Now the ginners who have purchased phutti at the exorbitant price of Rs1,700 per 40 kg are not in a position to reduce the asking price over-much while the spinners too express their inability to lift cotton above the export parity of yarn.

A stalemate has thus developed leaving both the spinners and ginners in a quandary. The spinners are complaining of having accumulated heavy stocks at the forbidding price of Rs3,400/3,600 in the beginning of the season.

The building of long position is thus causing the spinners serious financial crunch and they do not know how to get out of the impasse.

The ginners too have been placed in a serious financial predicament due to the accumulation of huge unsold stocks, estimated at 2 million bales, as they failed to dispose them off when the prices were at their peak.

Spinners resorted to panic buying following the rumour of heavy shortfall in the cotton output and now have to face the music because of strong indications that the domestic cotton output may exceed 10 million bales.

They even opted for the import of foreign cotton at a time when international lint prices were at the 15-year peak level but now have to stew in their juice as the world cotton prices have declined by 15 cents per lb, eroding their competitive edge in the international market completely.

The May and July contracts in the New York futures recorded a loss of 131 cents per lb each at 64.62 and 66.04 cents, respectively on Friday last in a flurry of speculative selling making the cotton outlook all the more gloomy and cheerless.
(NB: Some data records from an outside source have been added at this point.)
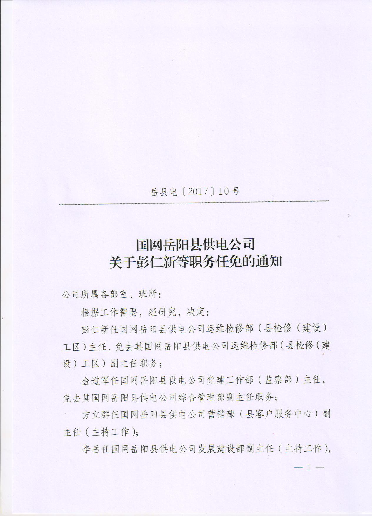 國網(wǎng)岳陽縣供電公司關(guān)于彭仁新等職務(wù)任免的通知
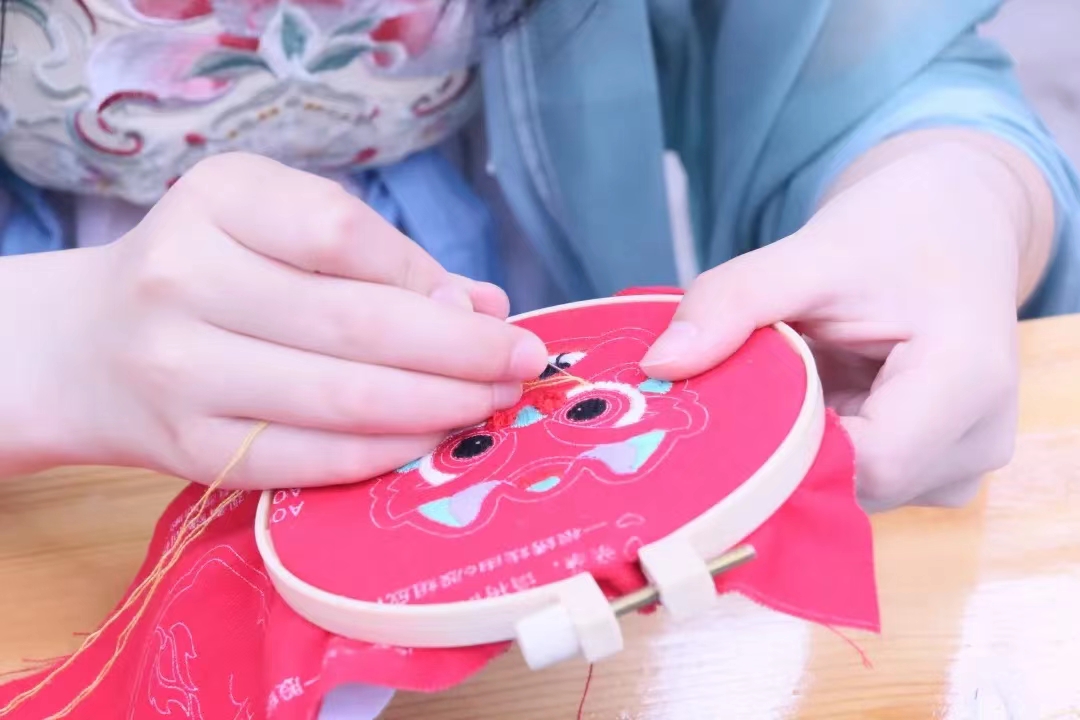 揭牌仪式后,在场领导及师生参观了美育教学中心,并对开设的涵盖刺绣、玉雕、泥塑、戏剧等多项美育示范项目进行了现场体验,过程中,与会嘉宾对于下一步的美育教学中心建设、美育课程体系构建、提升师生审美和人文素养、服务社会美育等方面展开了沟通探讨。
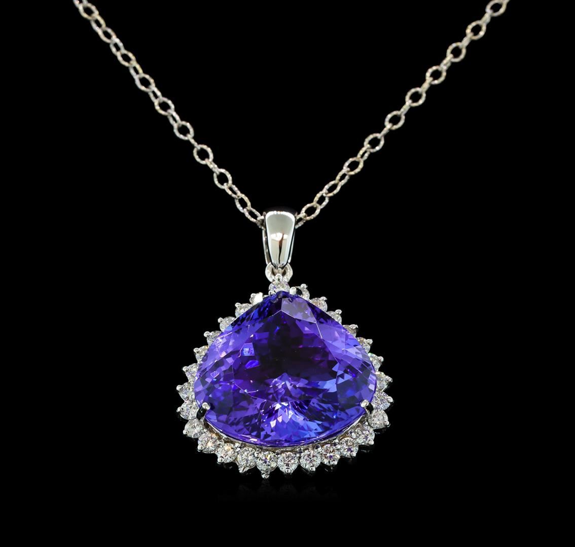 One electronically tested 14KT white gold lady's combination cast & assembled fashion pendant & chain 18.0' long, 2mm twisted oval cable link with a lobster claw clasp with a basket halo with a bright polish finish. Identified with markings of '14K'. Condition is new, good workmanship. Containing: One prong set pear modified brilliant cut natural tanzanite, measuring 17.90 x 19.36 x 10.00mm, (depth est.) approximate weight of 21.58ct., clarity is eye clean, medium, moderately strong, violet color, (GIA V 5/4), cut is very good. Transmitting light with no distortion, transparent. Colored gemstones are presumed to have been subjected to commonly used enhancement processes. Graded loose prior to setting in the GIA Laboratory, Report #2175668699. Twenty-Eight prong set round brilliant cut diamonds, measuring 2.20 - 2.15 x 1.35mm (depth est.) approximate total weight of 28 Stones = 1.10ct. Graded in the setting. Clarity SI-1 to SI-2. Color: H - I Cut Good. Total Weight of Colored Stones 21.58ct.. Total Weight of Diamonds 1.10ct.. Total Weight of Pendant & Chain 12.00gm GAS Appraised at $27,020.00.

Analysts said that with the sharp drop in lint prices, the sale price for many textile items have also declined drastically.

With this depressing scenario, the sale momentum of cotton has been withering over the past several weeks. Enquiries for cotton have become sparse while a disturbing quietness continues to envelop the market.

According to some brokers, there are still some quantities of seed-cotton, which are reportedly arriving in the ginning factories from DG Khan in Punjab and some other stations in Sindh.

According to agents for international merchants in Karachi, the offers for most varieties of shipment cotton from the CAS (Central Asian States), West Africa and the United States have suffered a decline of 4 to 5 cents a pound recently.

Some analysts are projecting that because the growers received a good return this year (2003-04), they are likely to plant more cotton in many countries which could restrain prices from rising in the forthcoming season (2004-05). Anyhow, it is too early to project anything at present due to many uncertainties.

The ginners still maintain that cotton crop will be less than officially projected and are resisting further decline in prices, steep decline in world prices notwithstanding.

It is not possible to sell below Rs3,000 after having purchased phutti at Rs1,500/1,700 per 40 kg. However, to many astute brokers, the future outlook of cotton appears to be gloomy in view of the bearish world market outlook.

But the ginners do not take such a pessimistic view of the situation as they hope to cash in on a short crop.